But look at his face, he is saying he is soooo sorry!!! Now, look in the mirror and say, "you are at fault for putting it where the dog could get it."


----------



## dunnville89 (Apr 24, 2012)

The dog must go to a yarn free home - no one on this site would qualify.


----------



## John's old lady (Jul 14, 2012)

So sorry, but I hope the dog doesn't get ill from his 'snack'.


----------



## knitbreak (Jul 19, 2011)

cah said:


> The dog ate my yarn! :sm14: I had just gotten a cute little skein of DMC Top This in the mail from one of the recent "almost free" shipping deals from Herrschners. I had put it in the bookcase to display it because it was so adorable. I swear it couldn't have been in the house more than 10 minutes and I found it on the ground in a tangled mess. The dog had chewed the monkey head off and destroyed it! The yarn is still usable but the cutest part of the hat - the monkey topper - is no more. Anybody want a dog? Real cheap.


Yes! I'd love to have him,but you know that won't happen


----------



## afoster (Jun 10, 2012)

My dogs went through that phase. Destroyed several skeins of expensive yarn and many needles. I still love them. Even got a new one to join the pack. The only thing to do is grin and bear it. Computer died in the middle of this response.


----------



## jonibee (Nov 3, 2011)

I think your dog is sending you a message..."Pay attention to ME"...hopefully he didn't ingest any yarn...


----------



## tmvasquez (May 7, 2013)

Oh no, he probably thought it was a new toy. If the dog is anything like mine she loves her squeaky toys. She would have probably chewed it until it squeaked.


----------



## Firstsoprano (Dec 6, 2014)

cah said:


> I'm sure she'll blame the cat!


Of course it was the cat, or the neighbours cat, or a cat ghostie but never the cute puppy with big innocent eyes!


----------



## afoster (Jun 10, 2012)

I came home to yarn barf all over the living room several times after I rescued two dogs from the pound. Ungrateful little brats! Stupid me got another dog. I'll never learn I guess, love my animals. I can commiserate with you though. We love them anyway.


----------



## Firstsoprano (Dec 6, 2014)

LOL My puppy thinks everything is a toy and needs to be chewed or shaken up. If it's within her reach (which is surprisingly high when she wants something) or not! Lately she has decided that table and chair legs are chew toys even though the floor is littered with toys and chew sticks.


----------



## cah (Oct 2, 2014)

morningstar said:


> Stop! Don't punish your dog for being a dog. The cause of the problem was a human one...yours. Don't put, within your dog's reach, any item that will appeal to him. It's all part of being owned by a precious dog. Move on with the good yarn and order another kit for the project.

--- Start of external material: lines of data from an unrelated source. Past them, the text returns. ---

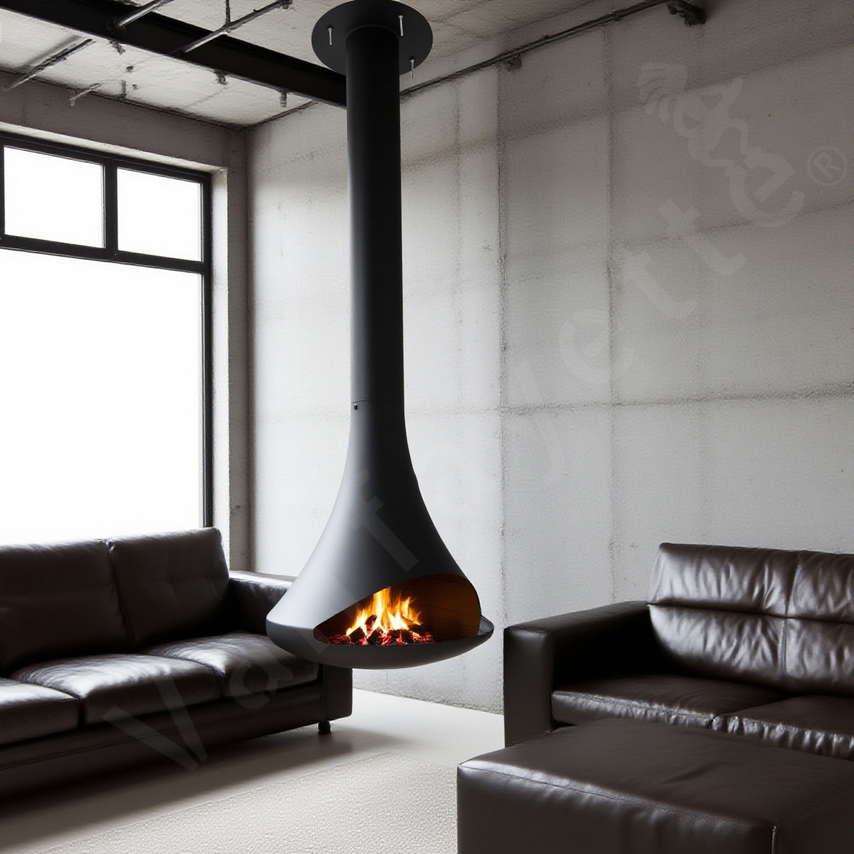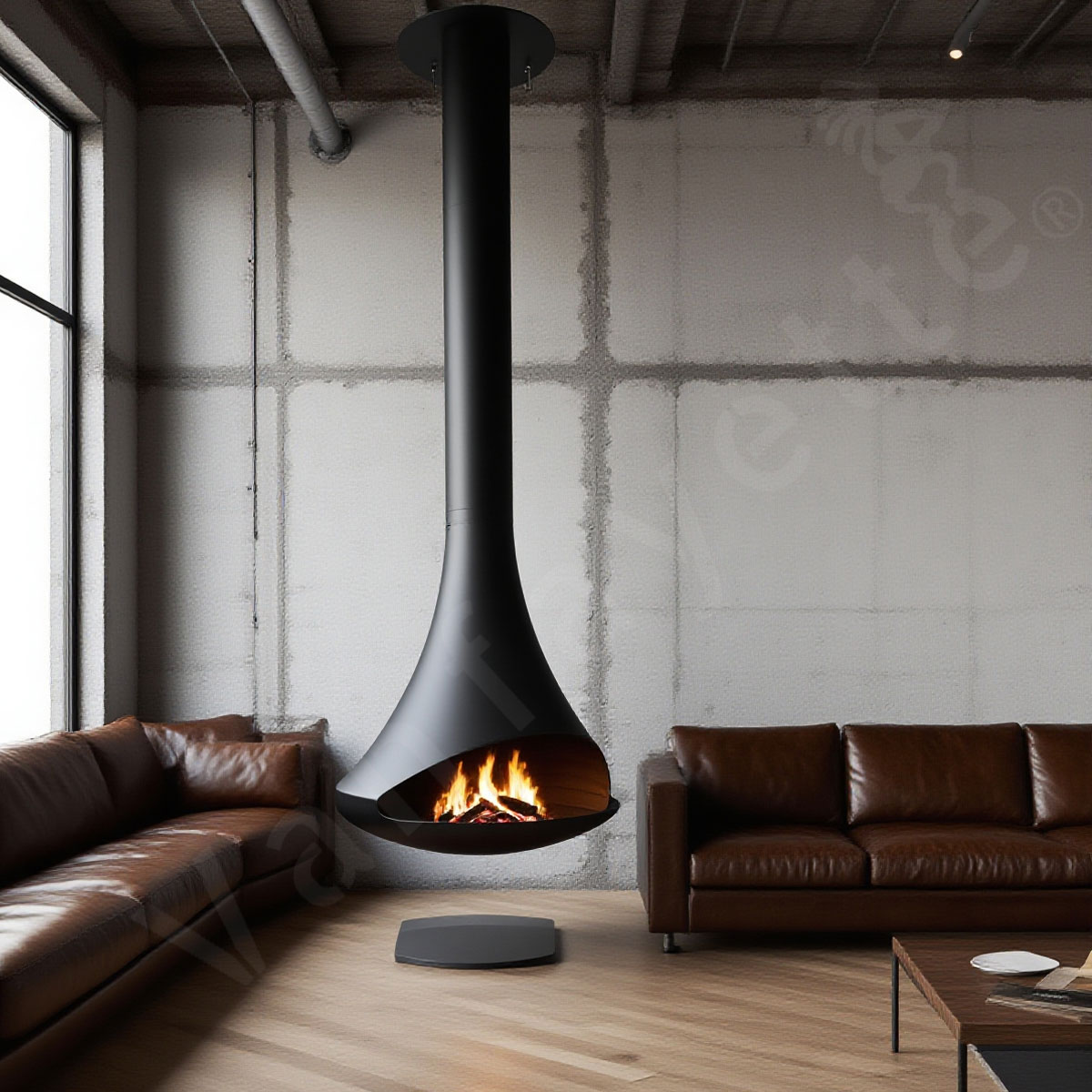 The indoor hanging fireplace and wood burning fireplace features a breathtaking trumpet silhouette, instantly elevating the style of any interior. Acting as more than just a heat source, this suspended fireplace is a dramatic centerpiece that blends functionality with sculptural elegance. Its distinctive design allows the fire to be viewed from a wide, open front, creating a mesmerizing ambiance while efficiently distributing warmth across the entire room. Perfect for both contemporary and rustic interiors, this fireplace offers homeowners a unique opportunity to transform their spaces into cozy, stylish retreats.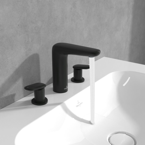 Villeroy & Boch Antao - Driegats wastafelkraan - met Push-Open afvoergarnituur - mat zwart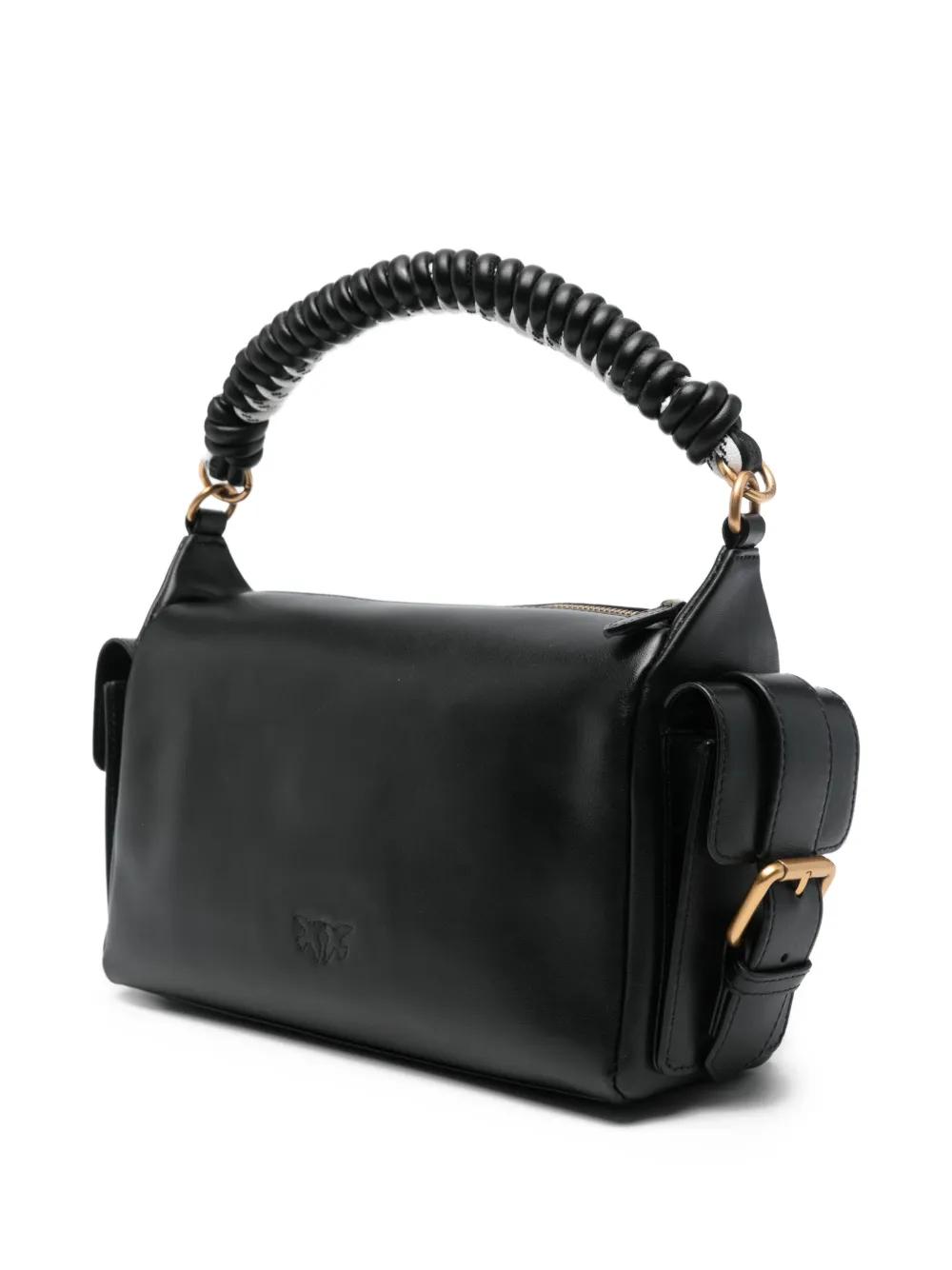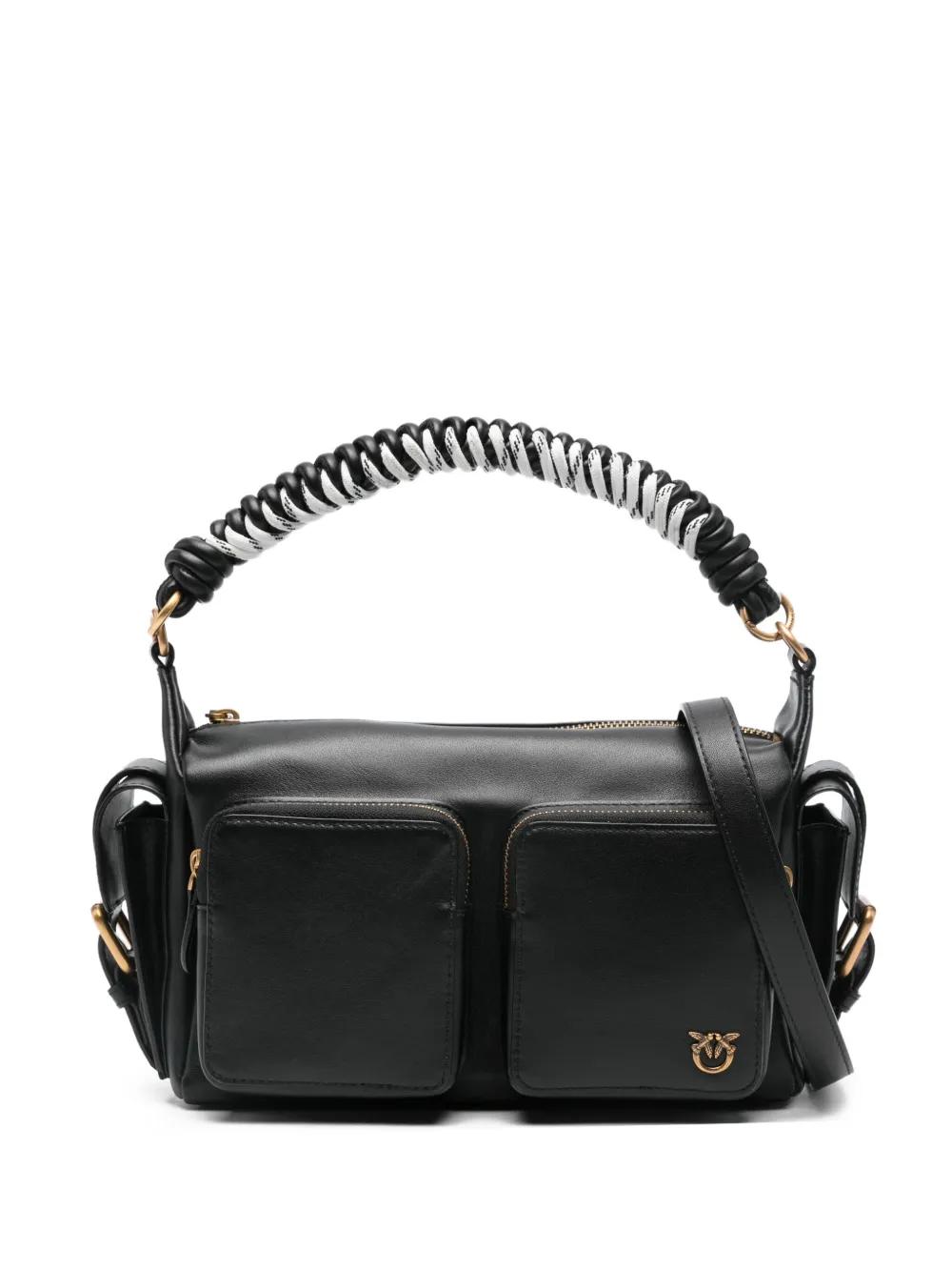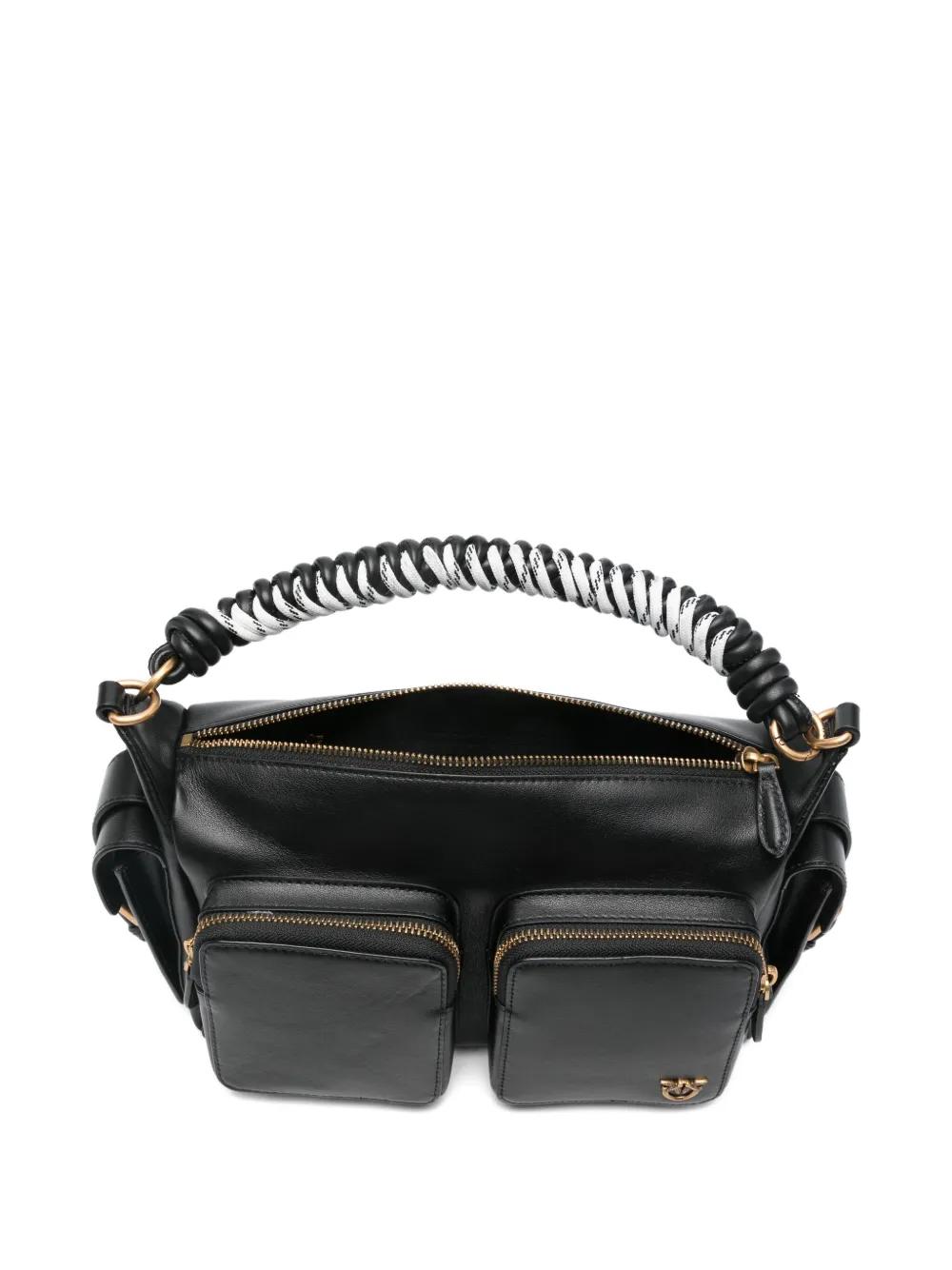 black braided leather top handle front pockets gold-tone hardware zip fastening leather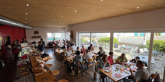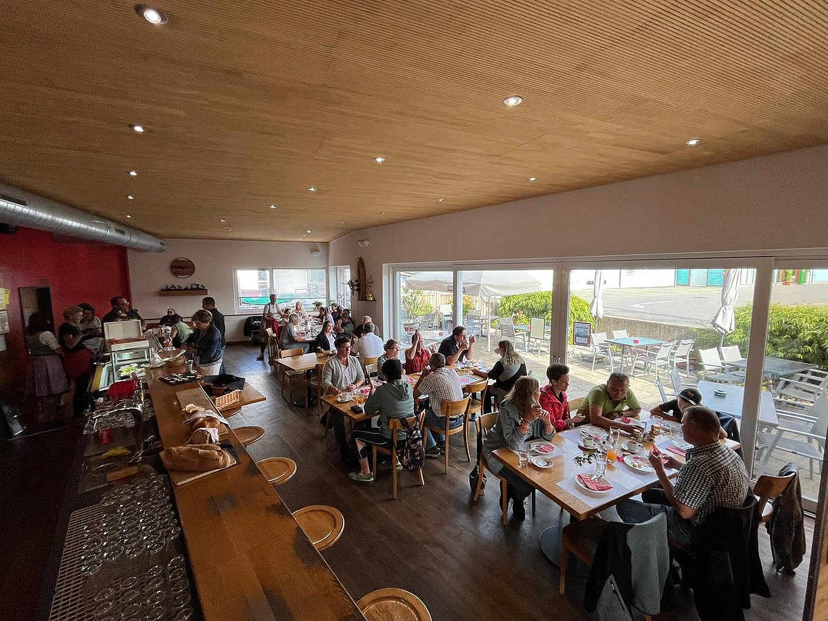 Am Sonntag 7. September fand der alljährliche Routiers Brunch im Tru Bistro Neuhaus statt. Nachdem Reto Flückiger die Mitglieder und deren Angehörige begrüsst hatte, durften wir uns am grossen Brunch Buffet bedienen: diverse Confis, Rösti mit Speck, Spiegelei, einer Fleisch- und Käseplatte, verschiedene Brotsorten wie auch Fruchtsalat und Birchermüesli standen bereit. Es fehlte an nichts. Auch für musikalische Unterhaltung wurde auch gesorgt: Nicole, Marco und Lena packten ihre Instrumente aus und spielten uns ein paar Lieder vor. Bei bester Unterhaltung, gemütlichen und teils sehr lustigen Gesprächen liessen wir den Tag ausklingen.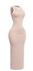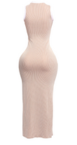 Sleek, sculpted, and effortlessly bold—the Amara Ribbed Maxi is your go-to for a body-hugging slay with minimal effort. This sleeveless high-neck maxi dress features a soft, stretchy double ribbed knit fabric that smooths and contours with ease. The neutral nude hue makes it easy to dress up or down, and the length keeps it elegant while still giving body.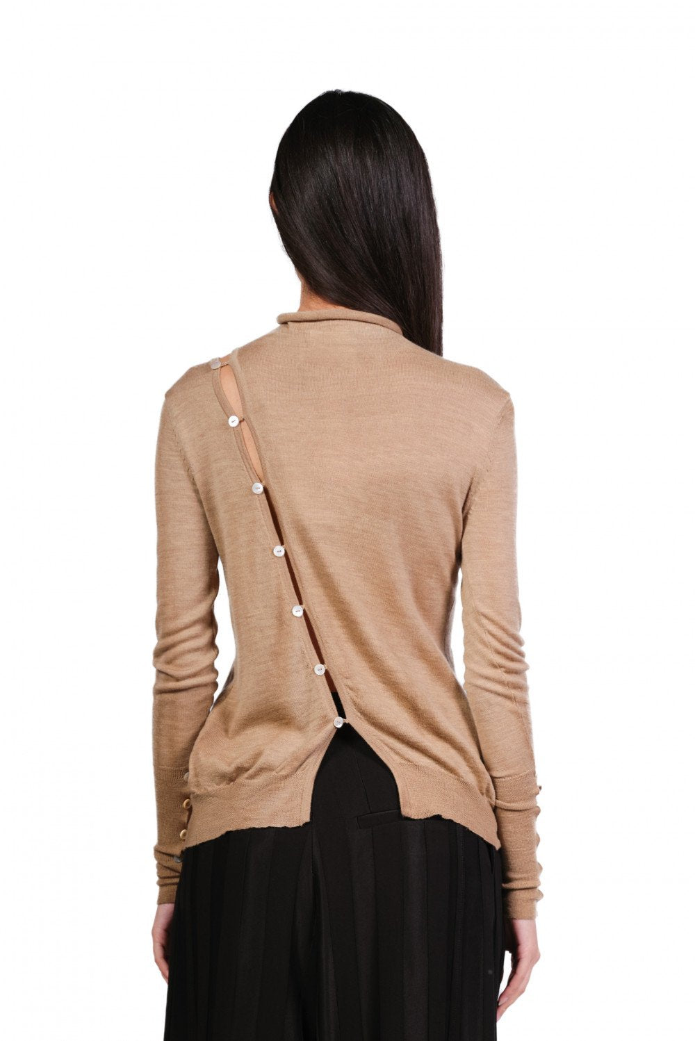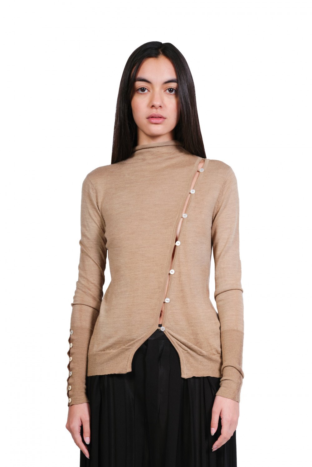 A Tentative Atelier focuses on crafting idiosyncratic collections where each piece of clothing has its own identity, creating a timeless and romantic look as seen in the Turtleneck Buttoned Sweater.

LoL! Who said anything about punishment? She got a new toy last night, along with a treat. She was more interested in the treat and this morning we can't find the toy anywhere. We think she buried it in the backyard. Probably to keep it safe in case that big, bad monkey had friends that would be dropping by. :sm09: :sm09: :sm09:


----------



## cah (Oct 2, 2014)

dunnville89 said:


> The dog must go to a yarn free home - no one on this site would qualify.


 :sm09: :sm09: :sm09:


----------



## Linda Haworth (Sep 2, 2013)

Look at that innocent little face. Can't believe it was her, she is too sweet looking. I would take her just bring her to Indiana.

Linda


----------



## Honey Meadows (Nov 8, 2014)

Poor Puppy!!


----------



## tbm (Sep 20, 2016)

Thinking of you


----------



## lainey_h (Dec 14, 2013)

That looks like one adorable little criminal....


----------



## pamgillies1 (Aug 6, 2011)

I'll take him!!!!


----------



## fshinbaum (Mar 13, 2015)

Here's a suggestion for something that I made after I made a couple of the Top This hats: I bought some very small stuffed toys/animals from the dollar store, cut the heads off, and sewed the necks closed with ribbons extending from the sewn necks. I knit some hats from yarn in my own stash and attached the dollar store heads using some quarter-sized pieces of foam and the ribbons.


----------



## BBatten17 (Dec 15, 2012)

fergablu2 said:


> I don't leave yarn where my cats can get at it, because I don't want them to ingest it and die. I love my cats more than yarn.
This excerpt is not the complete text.